-- Material provided follows --

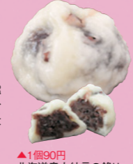
▲1個90円 北海道産大納言の餡は粒がしゃかりいてコクがあり、後引くおいしさ

●ふじみねかしほ ☎0296-33-2544 MAP P22C2 ③結城市結城78 ④JR結城駅から徒歩15分 ⑤8時～19時30分 ⑥木曜(祝日の場合は営業) ⑦4台
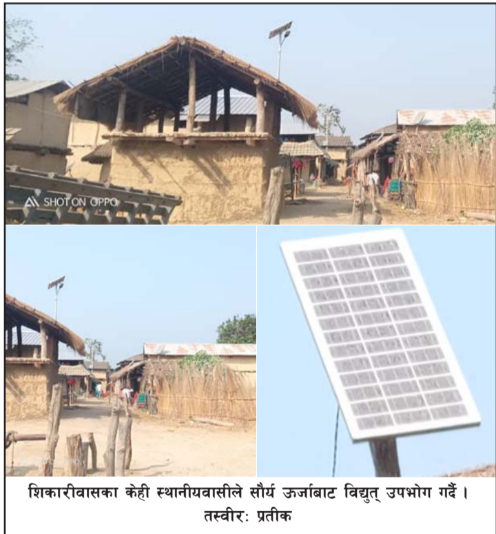
शिकारीवासका केही स्थानीयवासिने सौर्य ऊर्जाबाट विद्युत् उपभोग गर्दै। तस्वीर: प्रतीक

पर्सा जिल्लाका १४ वटा पालिकामध्ये ठोरी गाउँपालिकाको यो एउटा टोल मात्र विद्युत् सेवाबाट वञ्चित छ। शिकारीवासमा ५२ घरधुरी छन् भने २५० भन्दा बढी बासिन्दा छन्। अधिकांश थारू बाहुल्य रहेको यो बस्ती निर्मलबस्तीबाट ७ किलोमिटर उत्तर र ब्रह्मनगरबाट ३ किलोमिटर उत्तर, पर्सा राष्ट्रिय निकुञ्ज तथा चितवन राष्ट्रिय निकुञ्जको दोस्रोअंशमा छ।
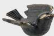
221 Bredde 9 cm
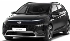
Phantom Black Pearl Perleťová Cena: 13 900 Kč
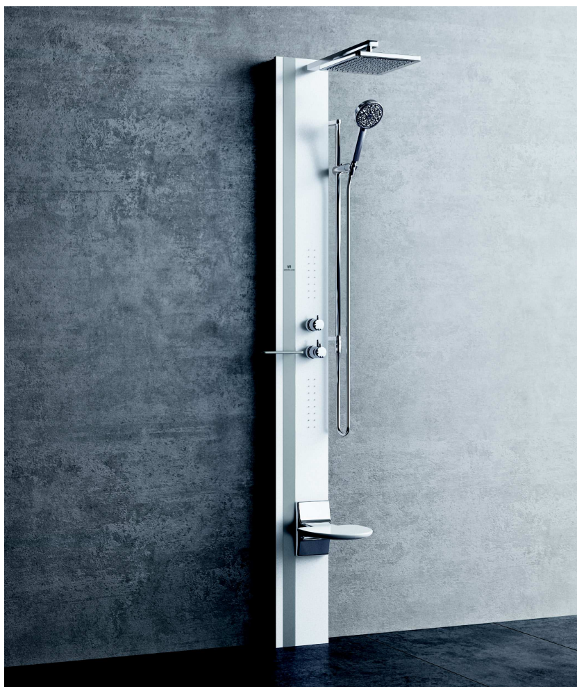
Soffione 200x200 mm

COLONNA ATTREZZATA IN VETRO ED ALLUMINIO CON SOFFIONE, INSTALLABILE A PARETE DESIGN MARCO PELLICI
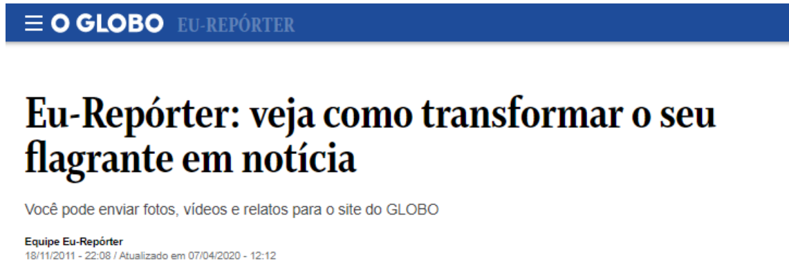
Figura 13: Página do “Eu Repórter” do O Globo
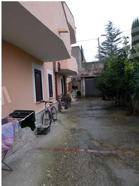
Foto n. 4 (Spazio cementato antistante il Piano S1 e Ingresso esterno Piano S1)
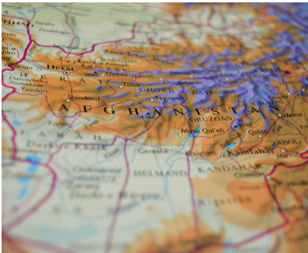
Obr. 1 - ilustrativní náhled na plastickou mapu Afghánistánu

ná a dle se prohlubuje. Chudobou je ohroženo až 97 % populace. Více než polovina dětí mladších pěti let čelili akutní podvýživě.
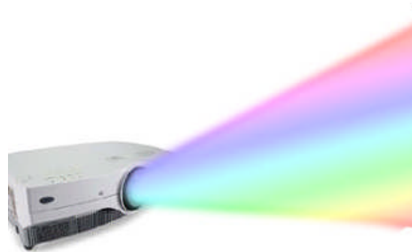
Resim 2.8: Barkovizyon

Görsel sunumlar; dekor ve aksesuarların yanı sıra, konuya uygunluk gösteren önemli parçaları oluşturur. Gösterinin teması uygun olarak tercih edilebilen görsel sunumlar farklı teknikler kullanılarak uygulanır. Şov esnasında sahne arkasında yapılan video-CD gösterileri, barkovizyon sunumları, ışık sistemleri ile sağlanan efektler, ses efektleri görsel sunumlara örnek olarak verilebilir. Genellikle temayı, verilmek istenilen duyguyu kuvvetlendirmek ve güçlü yaşatmak amaçlı kullanılır. Destekleyici unsurdur ve konuklar üzerinde istenilen etkiyi yaratır. Ancak gerek hazırlama aşamasında gerekse sunum aşamasında profesyonel kişilerce çalışılmalıdır.
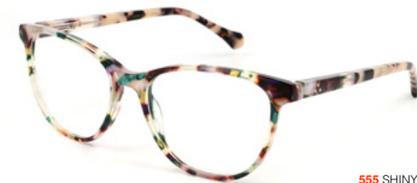
555 SHINY VIOLET
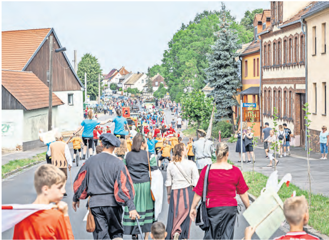
Herzstück des Gänsebrunnensfestes in Dommitzsch ist der traditionelle Weckumzug am Sonntagmorgen, 10 Uhr.

39. GÄNSEBRUNNENFEST lockt vom 28. bis 30. Juni nach Dommitzsch
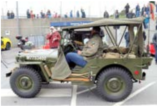
Beste Militær. Vet dessverre ikke navnet.
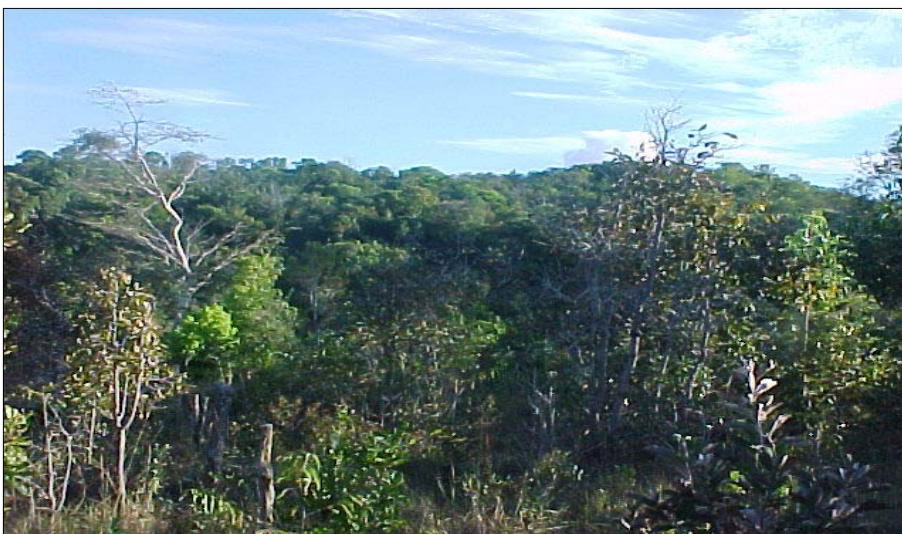
Figura APA 06. Foto da área da Cachoeira do Santana
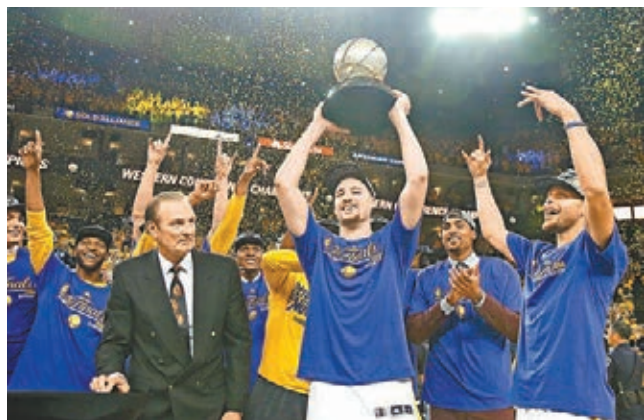
■基利湯遜(舉盃者)和史提芬居里(右)等勇士球星，慶祝再度奪得NBA西岸冠軍。
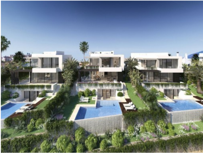
Außenansicht des modernen Komplexes
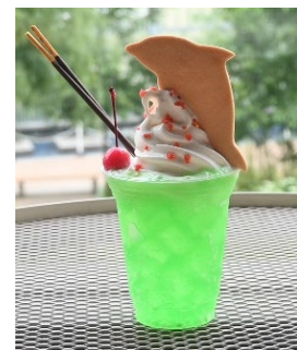
ドルフィンクリームソーダ

販売期間：2023年7月15日（土）～10月2日（月） 販売場所：「スタジアムカフェ」 価 格：680円（税込み）
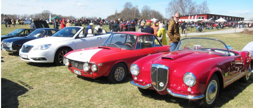
Lancia Aurelia B24 Spider, Fulvior och en vit nytillverkad Lancia Flavia Cabriolet.
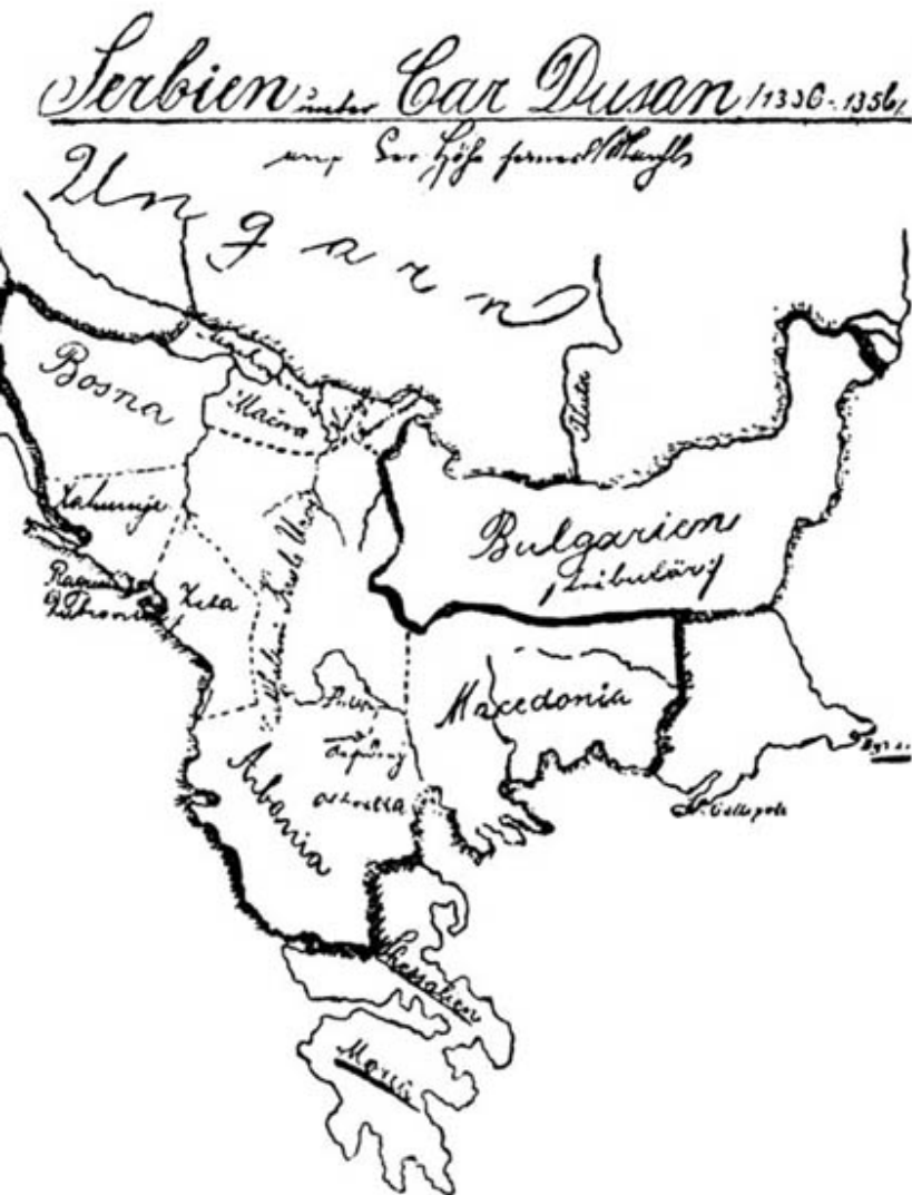
Nemačka karta: Srbija iz Dušanova doba Karta pronađena u pečujskom vojnom arhivu
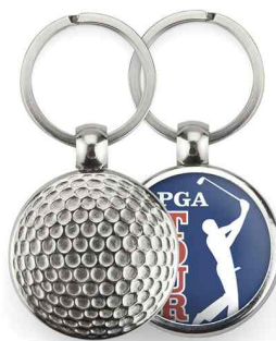
Référence MGF - 1 face Ø 30 mm Dimension : 45 x 35 mm Assemblage C25 Outils à couper : UC-30R / MC-30R Outil d'assemblage : UM-FT
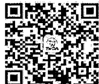
請加入牙醫全聯會LINE@

發文日期：中華民國 111 年 5 月 5 日 發文字號：牙全志字第 01343 號 速別：普通件 密等及解密條件或保密期限：普通 附件：報名回函表
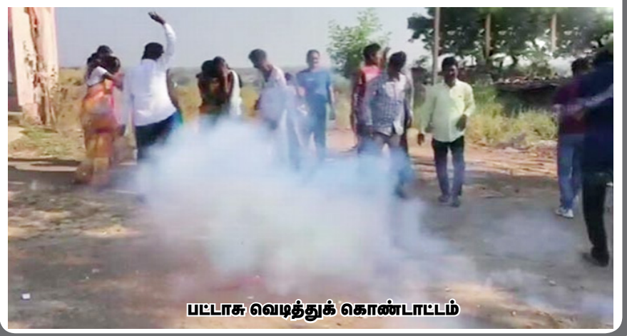
பட்டாசு வெடித்துக் கொண்டாட்டம்

நேற்று முன்தினம் நள்ளிரவு அடர்ந்த வனப்பகுதியில் அந்த புலியை சுட்டுக் கொன்றனர். எனினும், இரண்டு குட்டிகள் குறித்து எந்தத் தகவலும் வெளியிடப்படவில்லை. ஆவ்னி புலி கொல்லப்பட்டது பற்றி வனத்துறையினர் எந்த விளிவான தகவலை வெளியிட வில்லை. இந்த தகவல் வெளியானதும் வனப்பகுதியைச் சேர்ந்த கிராம மக்கள் பட்டாசு வெடித்து கொண்டாட்டங்களில் ஈடுபட்டனர்.
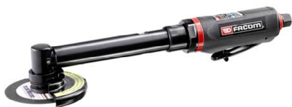
V.CE100F Facom vinkelkutter lang 100mm
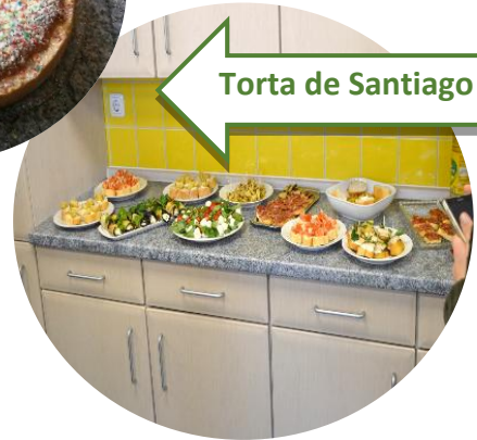
Torta de Santiago
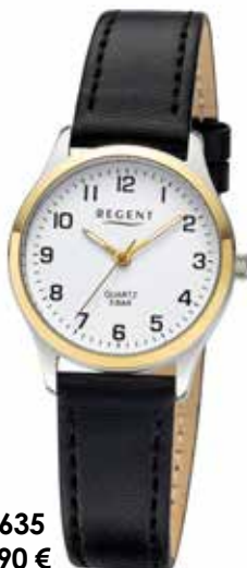
F-1635 59,90 €
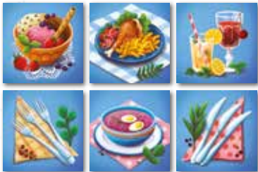
Початкове розташування жетонів гравця

Розділіть жетони на групи – окремо ножі , окремо виделки і т.д. Ретельно перемішайте кожен комплект та розкладіть зображенням чистого посуду горілиць. Кожен гравець отримує по одному жетону кожного типу та викладає перед собою, не дивлячись на малюнок на звороті та не показуючи його іншим гравцям. Розташування жетонів кожного разу повинне бути однаковим: десерт , друга страва , напої ; в другому рядку: виделки , суп , ножі .
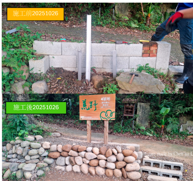
▲ 荒野保護協會 4 號地立牌施作前後
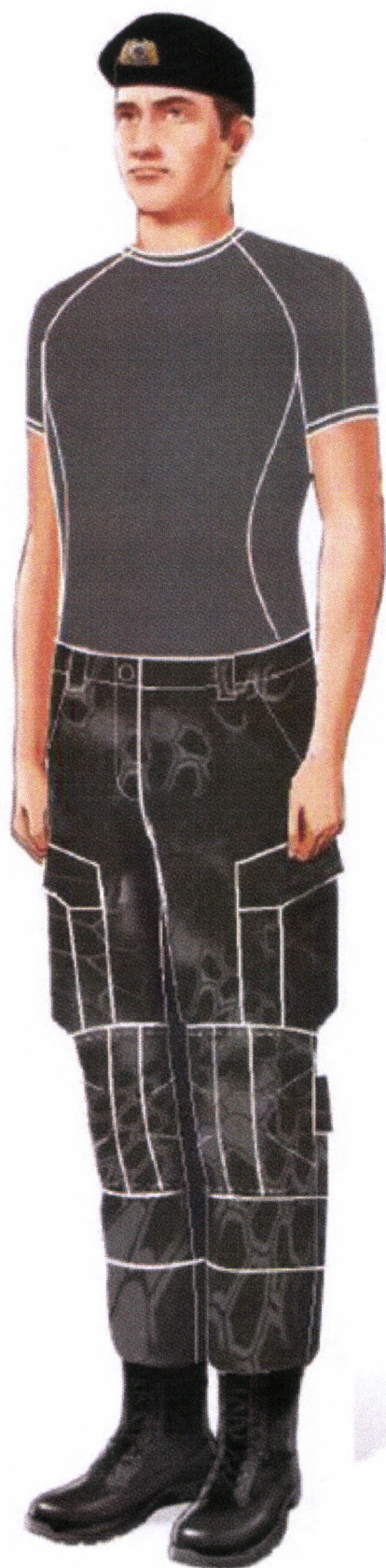
Рис. 20.2. Футболка анатомическая
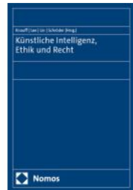
Künstliche Intelligenz, Ethik und Recht Ladenpreis: 50,40EUR
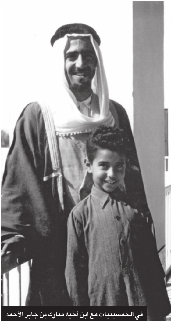
في الخمسينيات مع ابن أخيه مبارك بن جابر الأحمد

ولد الشيخ صباح الأحمد بتاريخ 16 يونيو عام 1929 في مدينة الجهراء شمال غرب الكويت العاصمة، وكانت الجهراء حينئذ قرية زراعية، وعاش طفولته في كنف أخواله آل العتار، الذين يُعدون من كبريات الأسر الكويتية في تلك المنطقة، التي غدت مدينة ثم محافظة بعد ذلك. وانتقل سموه من الجهراء إلى قصر السيف وهو في عمر الرابعة، حيث كبر مع أخيه الشيخ جابر في كنف الشيخة
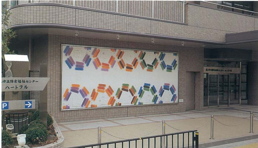
② 作品名；地の華 サイズ；H2.5m×W6.3m 材 料；陶板 設置年；1996年 設置場所；茨木市立障害福祉センター
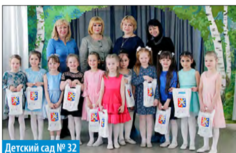
Детский сад № 32

О прошедших фестивалях мы писали в газете, печатали фотографии исполните-
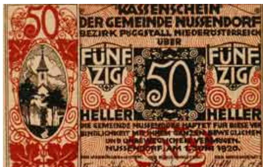
Figura 7- Dinheiro de emergência.

Na sublinha 2 – Formas alternativas de dinheiro , a situação política e econômica, a organização da sociedade, os atributos de valores em diferentes períodos, são alguns aspectos que podem ser verificados por meio das formas alternativas de dinheiro. Neste grupo encontram-se os vales, os bilhetes de trens e bondes, as fichas de controle de entrada e saída, os carimbos, ilustrados nas figuras 7 e 8.
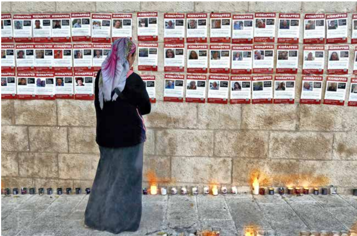
Ihmiset ovat tuoneet kynttilöitä muurin ääreen, johon on koottu ilmoituksia kidnapatuista ihmisistä.
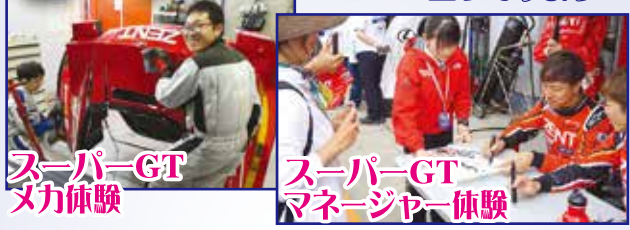
スーパーGT メカ体験
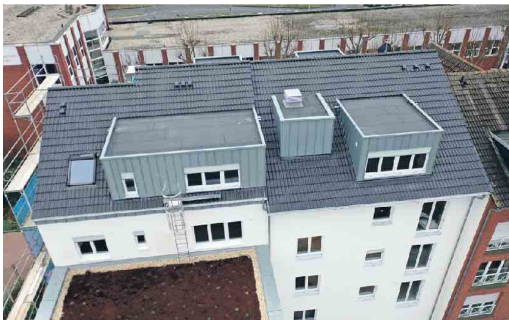
Dachdecker lassen Dächer auch ergrünen.

Deutschland gibt es immerhin 120 Millionen m2 begrünte Dachflächen. Das sorgt für Kühlung und Luftbefeuchtung, aber auch für Lärm- und Schallschutz. Junge Leute, die gerne im Handwerk arbeiten und dabei auch Klimaschützer sein wollen, liegen mit einer Ausbildung im Dachdeckerhandwerk genau richtig“, rät ZVDH-Präsident Dirk Bollwerk und ergänzt, dass das Dachdeckerhandwerk bislang auch gut durch die Coronakrise gekommen sei: kaum Kurzarbeit und wenige Entlassun-

-- Material provided concluded --

**What is needed**
Once the pictures are removed, write out all of the entries above exactly.

**Solution for this exercise**
▲1個90円 北海道産大納言の餡は粒がしゃかりいてコクがあり、後引くおいしさ

●ふじみねかしほ ☎0296-33-2544 MAP P22C2 ③結城市結城78 ④JR結城駅から徒歩15分 ⑤8時～19時30分 ⑥木曜(祝日の場合は営業) ⑦4台
शिकारीवासका केही स्थानीयवासिने सौर्य ऊर्जाबाट विद्युत् उपभोग गर्दै। तस्वीर: प्रतीक

पर्सा जिल्लाका १४ वटा पालिकामध्ये ठोरी गाउँपालिकाको यो एउटा टोल मात्र विद्युत् सेवाबाट वञ्चित छ। शिकारीवासमा ५२ घरधुरी छन् भने २५० भन्दा बढी बासिन्दा छन्। अधिकांश थारू बाहुल्य रहेको यो बस्ती निर्मलबस्तीबाट ७ किलोमिटर उत्तर र ब्रह्मनगरबाट ३ किलोमिटर उत्तर, पर्सा राष्ट्रिय निकुञ्ज तथा चितवन राष्ट्रिय निकुञ्जको दोस्रोअंशमा छ।
221 Bredde 9 cm
Phantom Black Pearl Perleťová Cena: 13 900 Kč
Soffione 200x200 mm

COLONNA ATTREZZATA IN VETRO ED ALLUMINIO CON SOFFIONE, INSTALLABILE A PARETE DESIGN MARCO PELLICI
Figura 13: Página do “Eu Repórter” do O Globo
Foto n. 4 (Spazio cementato antistante il Piano S1 e Ingresso esterno Piano S1)
Obr. 1 - ilustrativní náhled na plastickou mapu Afghánistánu

ná a dle se prohlubuje. Chudobou je ohroženo až 97 % populace. Více než polovina dětí mladších pěti let čelili akutní podvýživě.
Resim 2.8: Barkovizyon

Görsel sunumlar; dekor ve aksesuarların yanı sıra, konuya uygunluk gösteren önemli parçaları oluşturur. Gösterinin teması uygun olarak tercih edilebilen görsel sunumlar farklı teknikler kullanılarak uygulanır. Şov esnasında sahne arkasında yapılan video-CD gösterileri, barkovizyon sunumları, ışık sistemleri ile sağlanan efektler, ses efektleri görsel sunumlara örnek olarak verilebilir. Genellikle temayı, verilmek istenilen duyguyu kuvvetlendirmek ve güçlü yaşatmak amaçlı kullanılır. Destekleyici unsurdur ve konuklar üzerinde istenilen etkiyi yaratır. Ancak gerek hazırlama aşamasında gerekse sunum aşamasında profesyonel kişilerce çalışılmalıdır.
555 SHINY VIOLET
Herzstück des Gänsebrunnensfestes in Dommitzsch ist der traditionelle Weckumzug am Sonntagmorgen, 10 Uhr.

39. GÄNSEBRUNNENFEST lockt vom 28. bis 30. Juni nach Dommitzsch
Beste Militær. Vet dessverre ikke navnet.
Figura APA 06. Foto da área da Cachoeira do Santana
■基利湯遜(舉盃者)和史提芬居里(右)等勇士球星，慶祝再度奪得NBA西岸冠軍。
Außenansicht des modernen Komplexes
ドルフィンクリームソーダ

販売期間：2023年7月15日（土）～10月2日（月） 販売場所：「スタジアムカフェ」 価 格：680円（税込み）
Lancia Aurelia B24 Spider, Fulvior och en vit nytillverkad Lancia Flavia Cabriolet.
Nemačka karta: Srbija iz Dušanova doba Karta pronađena u pečujskom vojnom arhivu
Référence MGF - 1 face Ø 30 mm Dimension : 45 x 35 mm Assemblage C25 Outils à couper : UC-30R / MC-30R Outil d'assemblage : UM-FT
請加入牙醫全聯會LINE@

發文日期：中華民國 111 年 5 月 5 日 發文字號：牙全志字第 01343 號 速別：普通件 密等及解密條件或保密期限：普通 附件：報名回函表
பட்டாசு வெடித்துக் கொண்டாட்டம்

நேற்று முன்தினம் நள்ளிரவு அடர்ந்த வனப்பகுதியில் அந்த புலியை சுட்டுக் கொன்றனர். எனினும், இரண்டு குட்டிகள் குறித்து எந்தத் தகவலும் வெளியிடப்படவில்லை. ஆவ்னி புலி கொல்லப்பட்டது பற்றி வனத்துறையினர் எந்த விளிவான தகவலை வெளியிட வில்லை. இந்த தகவல் வெளியானதும் வனப்பகுதியைச் சேர்ந்த கிராம மக்கள் பட்டாசு வெடித்து கொண்டாட்டங்களில் ஈடுபட்டனர்.
V.CE100F Facom vinkelkutter lang 100mm
Torta de Santiago
F-1635 59,90 €
Початкове розташування жетонів гравця

Розділіть жетони на групи – окремо ножі , окремо виделки і т.д. Ретельно перемішайте кожен комплект та розкладіть зображенням чистого посуду горілиць. Кожен гравець отримує по одному жетону кожного типу та викладає перед собою, не дивлячись на малюнок на звороті та не показуючи його іншим гравцям. Розташування жетонів кожного разу повинне бути однаковим: десерт , друга страва , напої ; в другому рядку: виделки , суп , ножі .
▲ 荒野保護協會 4 號地立牌施作前後
Рис. 20.2. Футболка анатомическая
Künstliche Intelligenz, Ethik und Recht Ladenpreis: 50,40EUR
في الخمسينيات مع ابن أخيه مبارك بن جابر الأحمد

ولد الشيخ صباح الأحمد بتاريخ 16 يونيو عام 1929 في مدينة الجهراء شمال غرب الكويت العاصمة، وكانت الجهراء حينئذ قرية زراعية، وعاش طفولته في كنف أخواله آل العتار، الذين يُعدون من كبريات الأسر الكويتية في تلك المنطقة، التي غدت مدينة ثم محافظة بعد ذلك. وانتقل سموه من الجهراء إلى قصر السيف وهو في عمر الرابعة، حيث كبر مع أخيه الشيخ جابر في كنف الشيخة
② 作品名；地の華 サイズ；H2.5m×W6.3m 材 料；陶板 設置年；1996年 設置場所；茨木市立障害福祉センター
Детский сад № 32

О прошедших фестивалях мы писали в газете, печатали фотографии исполните-
Figura 7- Dinheiro de emergência.

Na sublinha 2 – Formas alternativas de dinheiro , a situação política e econômica, a organização da sociedade, os atributos de valores em diferentes períodos, são alguns aspectos que podem ser verificados por meio das formas alternativas de dinheiro. Neste grupo encontram-se os vales, os bilhetes de trens e bondes, as fichas de controle de entrada e saída, os carimbos, ilustrados nas figuras 7 e 8.
Ihmiset ovat tuoneet kynttilöitä muurin ääreen, johon on koottu ilmoituksia kidnapatuista ihmisistä.
スーパーGT メカ体験
Dachdecker lassen Dächer auch ergrünen.

Deutschland gibt es immerhin 120 Millionen m2 begrünte Dachflächen. Das sorgt für Kühlung und Luftbefeuchtung, aber auch für Lärm- und Schallschutz. Junge Leute, die gerne im Handwerk arbeiten und dabei auch Klimaschützer sein wollen, liegen mit einer Ausbildung im Dachdeckerhandwerk genau richtig“, rät ZVDH-Präsident Dirk Bollwerk und ergänzt, dass das Dachdeckerhandwerk bislang auch gut durch die Coronakrise gekommen sei: kaum Kurzarbeit und wenige Entlassun-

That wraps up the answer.